Aberdeen Uni recently ran a series of incredibly poorly-publicised lectures one Dr Julian Lethbridge, (a Spenserian-Wittgensteinian theologian-curmudgeon from the University of Tuebingen).

The umbrella was a Defending the Humanities gig, and the weight of his understanding was properly novel, a little intoxicating. I was in rout for much of the time, trying to sense together his system, the shape of his world.

Here's my attempt to formalise a holist, then. I'll try not to just copy out the notes, though I'm utterly sure I'll miss something critical and straw-man him anyway:

He's a singular man: at each of the four hour-long lectures he pelted the perhaps five folk who turned up with perhaps a thousand ideas pulled from Aristotle, Bonhoeffer, Spenser, Leibniz, Frye, Barth, Barthes, Don McLean, and, centrally, Christ/Wittgenstein. The pelting was to soften us up for the man's ontology, which I'm going to call a Romantic Christian Antireal Plural Logico-Theism until I run out of pigeonholes.




Why He Was Talking:
"The humanities are the study of meaning. They exist, and exist primarily beyond the magisterium of science. They must understand themselves, must defend themselves against the shallow, instrumentalist conception of life that relegates them in the name of cost-efficiency."

How? First: Kill universology. Make the incursion of natural-science methods into the objects of the humanities, and vice versa, a fallacy and a category error.

Second: Affirm a Romantic, yet linguistic basis of existence, with a generous metaphysics.

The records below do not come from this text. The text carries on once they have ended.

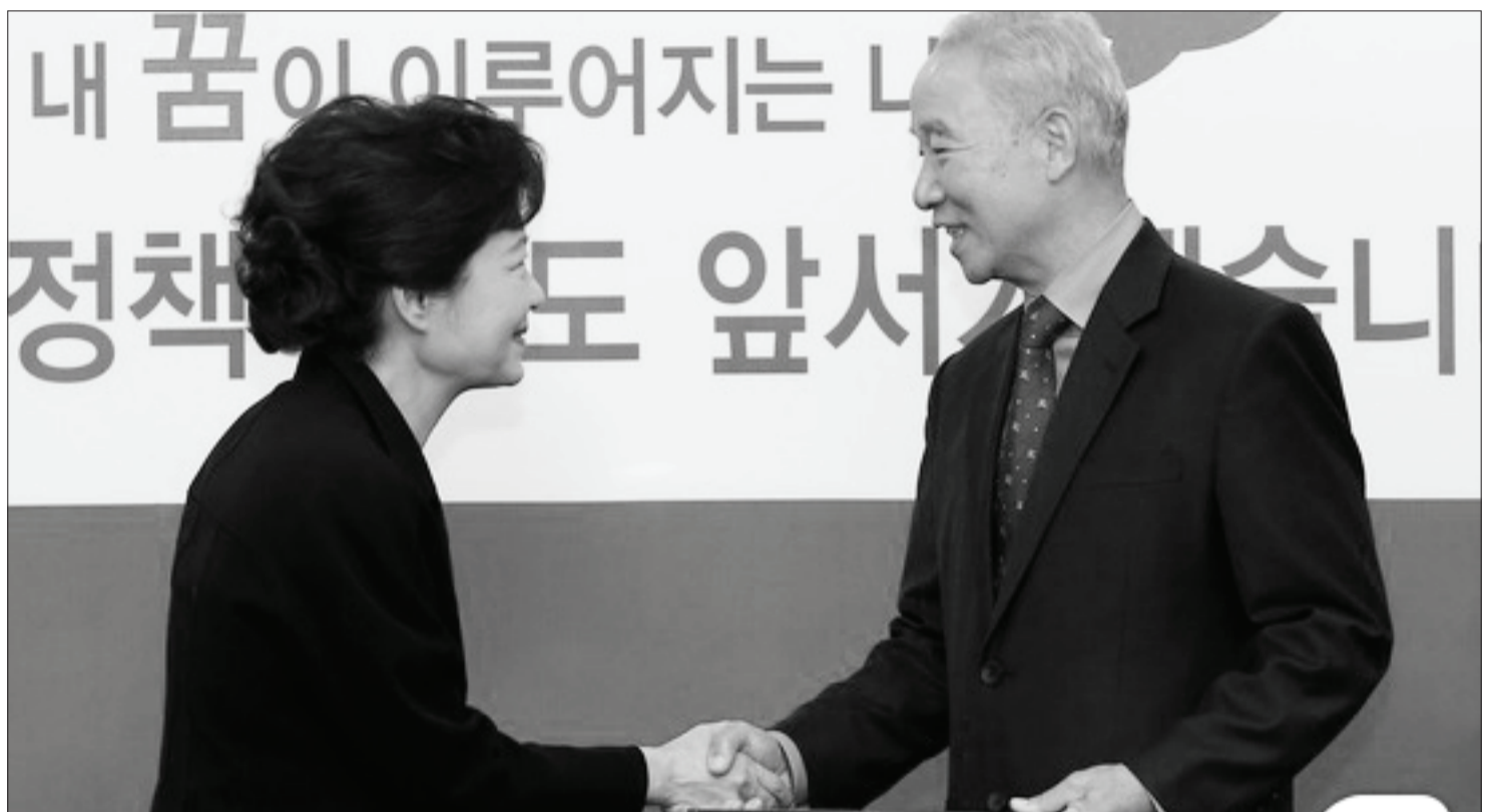
손 잡은 박근혜와 남재준 - 민주주의의 시계를 거꾸로 돌리려는 공모자들

박근혜는 이런 마녀사냥을 연막 삼아 기초노령연금 등 복지 공약을 대량 '먹튀'할 수 있었다. 박근혜는 경제위기 시기에 재벌들의 뒤를 봐주기 위해 앞으로 더 많은 공약 뒤집기를 밀어붙일 것이다. 이 때문에 진보 진영과 운동을 억누르기 위한 노골적인 반동 정책 또한 계속 시도될 것이다
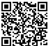
第二浜田ダム 水防情報QRコード
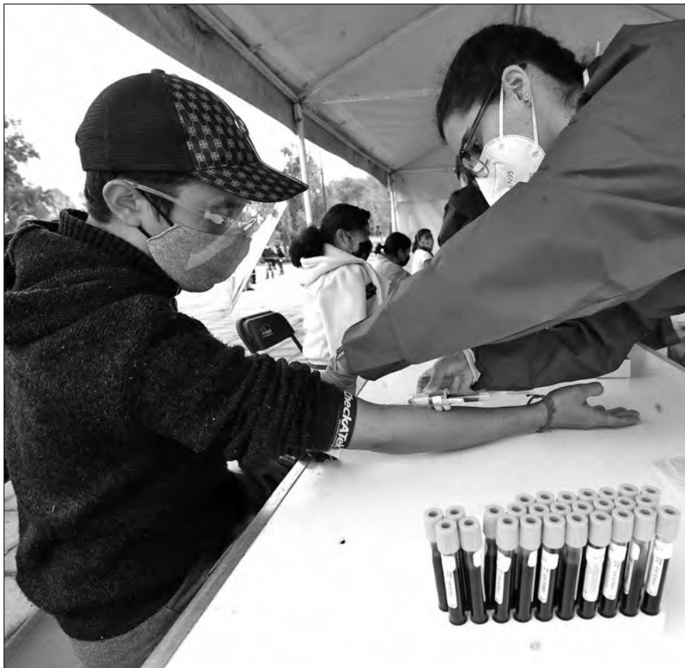
▲ Las autoridades sanitarias recomiendan extremar las medidas preventivas como el uso del cubrebocas, el lavado frecuente de manos y quedarse en casa el mayor tiempo posible.

La funcionaria insistió en su llamado a extremar las medidas preventivas como el uso del cubrebocas, el lavado frecuente de manos y quedarse en casa el mayor tiempo posible, ya que se ha confirmado que la mutación B117 es más contagiosa que la cepa original.

Pretend that you don't need faith in an Abrahamic God for this to stand up.



"The act of Understanding is a self-contained defence of the humanities."


ELEVEN THESES AGAINST (PROBABLY) YOU


1
: Each academic discipline must be separate because it has a separate object of study. Theories are incommensurable because they aren't looking at the same thing. (Aristotle)

2:
The differing objects of study have thus led to the development of distinctive methods. Disciplines are autonomous because they use demonstratively different modes of inquiry on their different things and, critically, start from different presupposition.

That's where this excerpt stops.